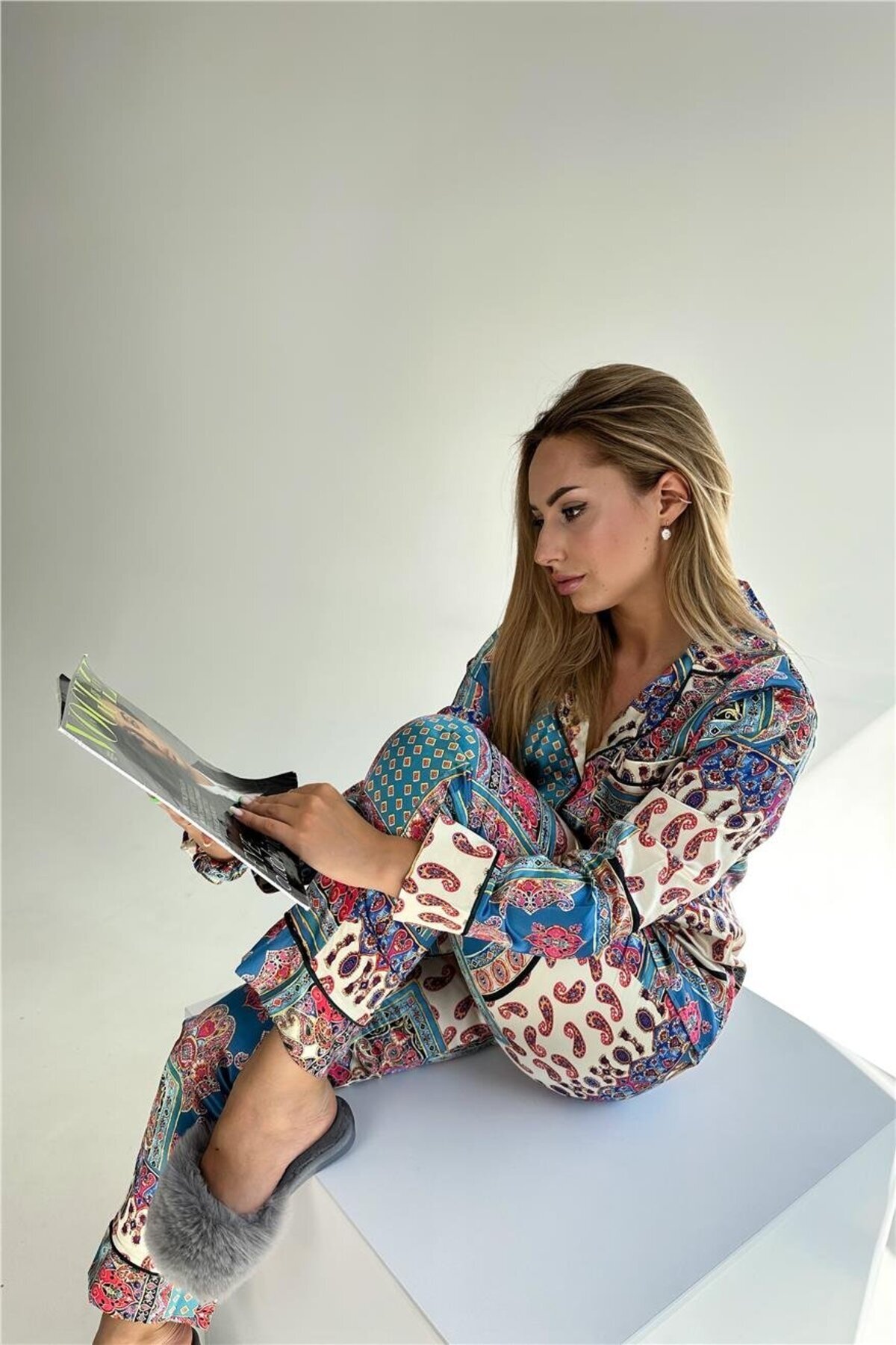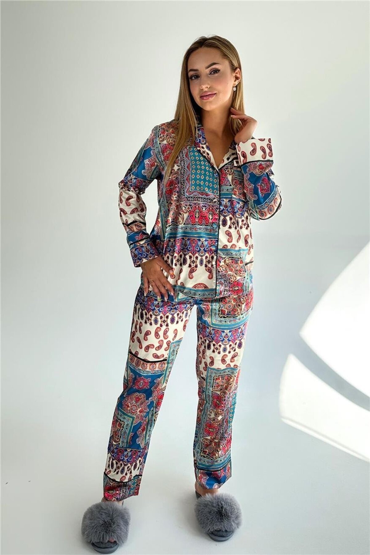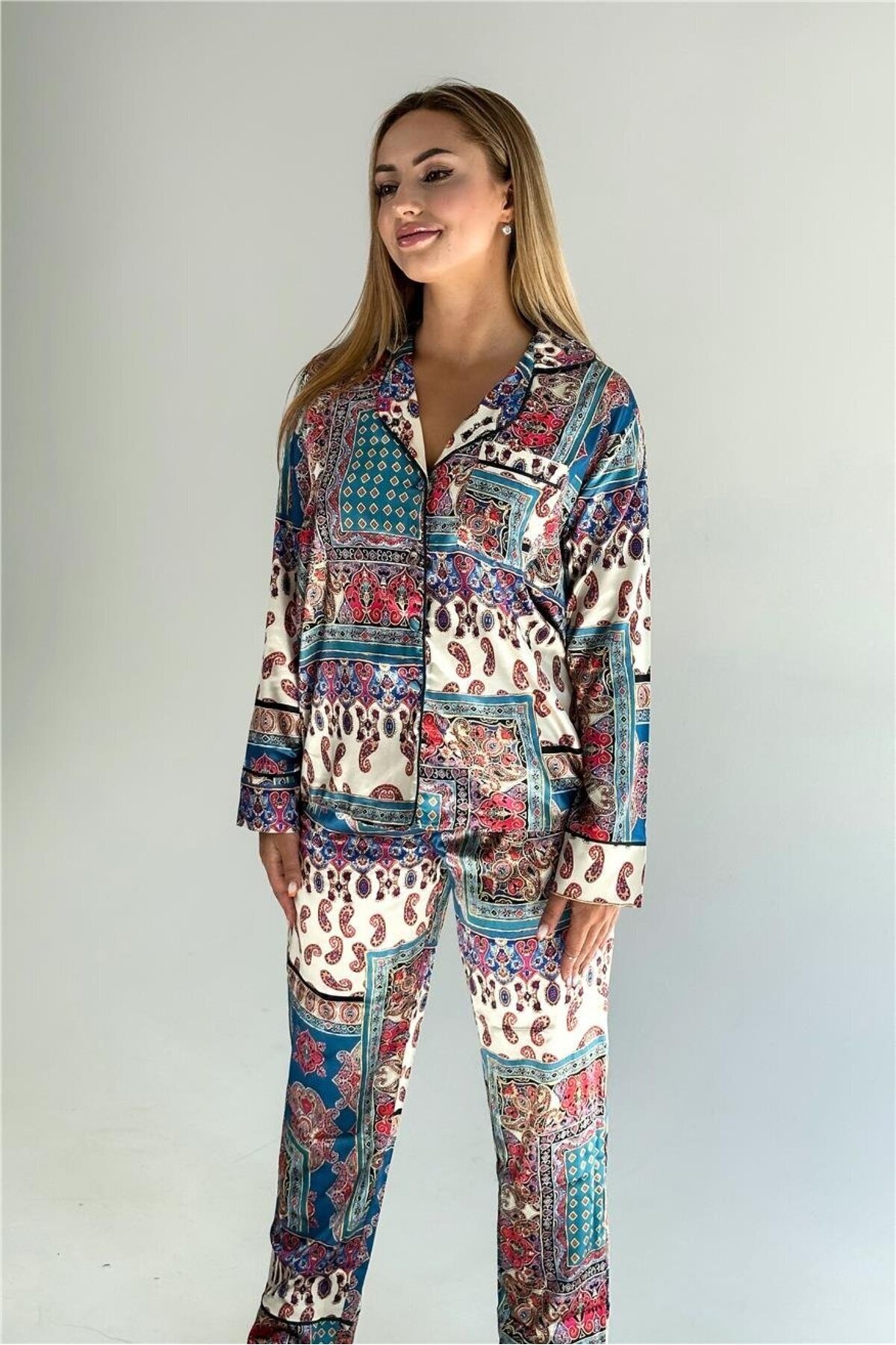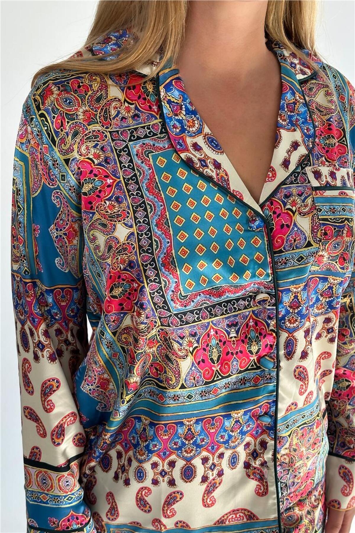 Etnik Motifler Desen Saten Uzun Pijama Takımı Etnik Motifler Desen Saten Uzun Pijama Takımı 1465 XL
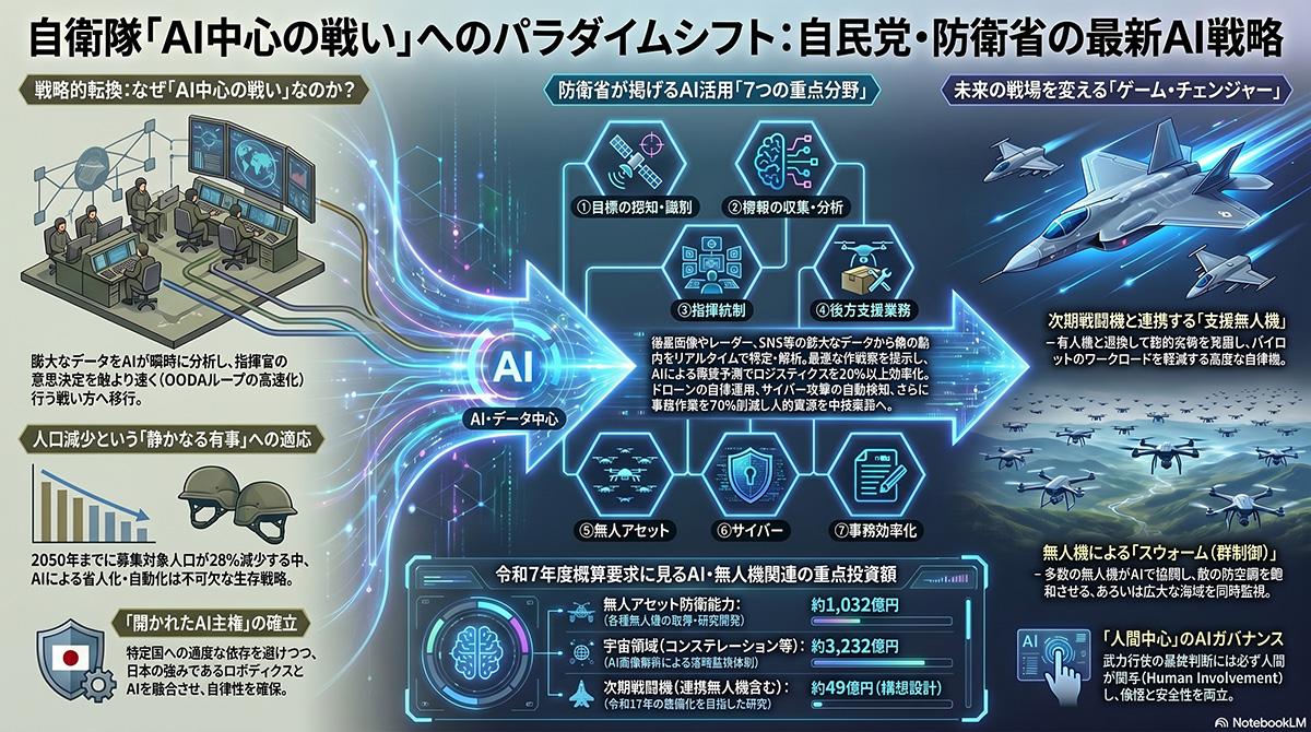 特に、米イスラエルの対イラン軍事作戦において情報分析や標的選定にAIが本格的に投入された状況などを念頭に置いている。今後の方向性として、防衛力整備や自衛隊のドクトリン、平時の訓練においてもAI活用を進め、AIを統合作戦基盤として活用する段階への移行を求めている。防衛省が策定した方針では、目標の探知・識別、情報収集・分析、指揮統制、後方支援、無人アセットの群制御、サイバーセキュリティ、事務処理の7分野がAIの重点活用領域とされている。
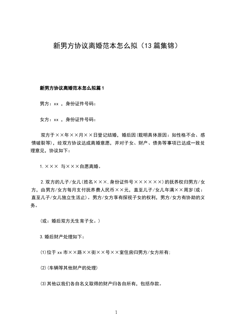 新版男方离婚协议书怎么拟篇1
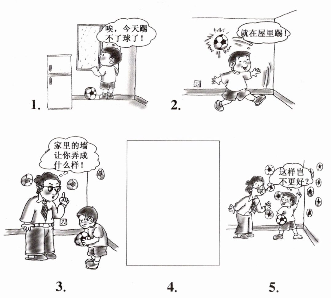 五、你能根据画面内容,把缺少的一幅图画出来吗? 再请你将五幅图连起来写一个完整的故事。
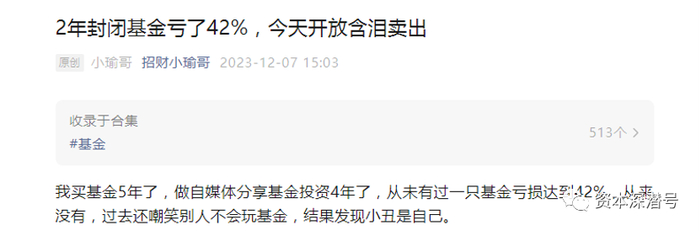 他在12月7号的视频和公众号文字里,曾经详述了自己买入一个封闭两年期的基金,到期亏损超过42%,又抛售的过程。
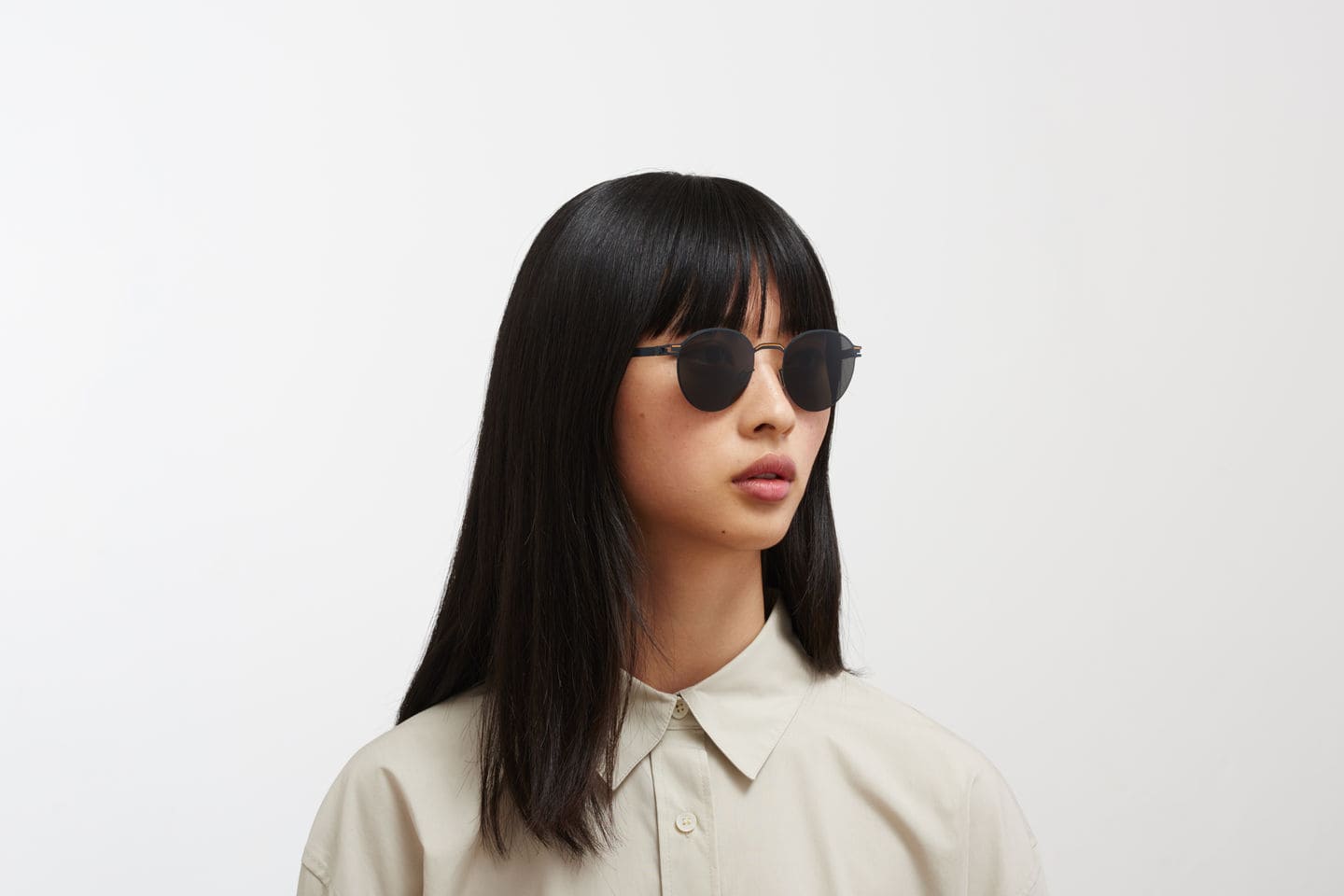 Mykita CARLO - INDIGO / ORANGE (10016708) are round sunglasses made in Germany, part of the Mykita N01 Colletion. They feature lightweight indigo blue stainless steel structure with orange accent details, patented screwless hinge system, silicone nose pads and temple tips, dark grey lens with 100% UV protection.
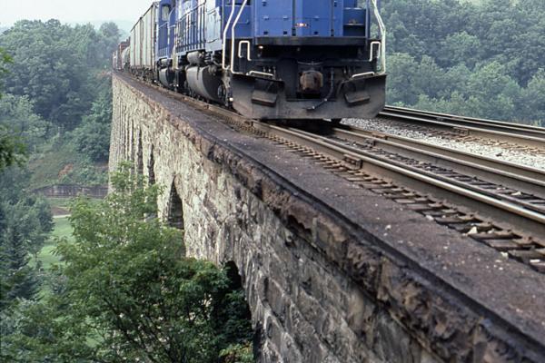 CR 6459 and 6501 lead a westbound Conrail manifest through Warrior Ridge, PA on Oct. 14, 1989

————————

▶ _TASK STATEMENT_:
The reply should consist only of the lines from the top of the material above through the line with "他在12月7号的视频和公众号", printed exactly, pictures omitted.

▶ _SOLUTION FOR THIS PROBLEM_:
 Etnik Motifler Desen Saten Uzun Pijama Takımı Etnik Motifler Desen Saten Uzun Pijama Takımı 1465 XL
 特に、米イスラエルの対イラン軍事作戦において情報分析や標的選定にAIが本格的に投入された状況などを念頭に置いている。今後の方向性として、防衛力整備や自衛隊のドクトリン、平時の訓練においてもAI活用を進め、AIを統合作戦基盤として活用する段階への移行を求めている。防衛省が策定した方針では、目標の探知・識別、情報収集・分析、指揮統制、後方支援、無人アセットの群制御、サイバーセキュリティ、事務処理の7分野がAIの重点活用領域とされている。
 新版男方离婚协议书怎么拟篇1
 五、你能根据画面内容,把缺少的一幅图画出来吗? 再请你将五幅图连起来写一个完整的故事。
 他在12月7号的视频和公众号文字里,曾经详述了自己买入一个封闭两年期的基金,到期亏损超过42%,又抛售的过程。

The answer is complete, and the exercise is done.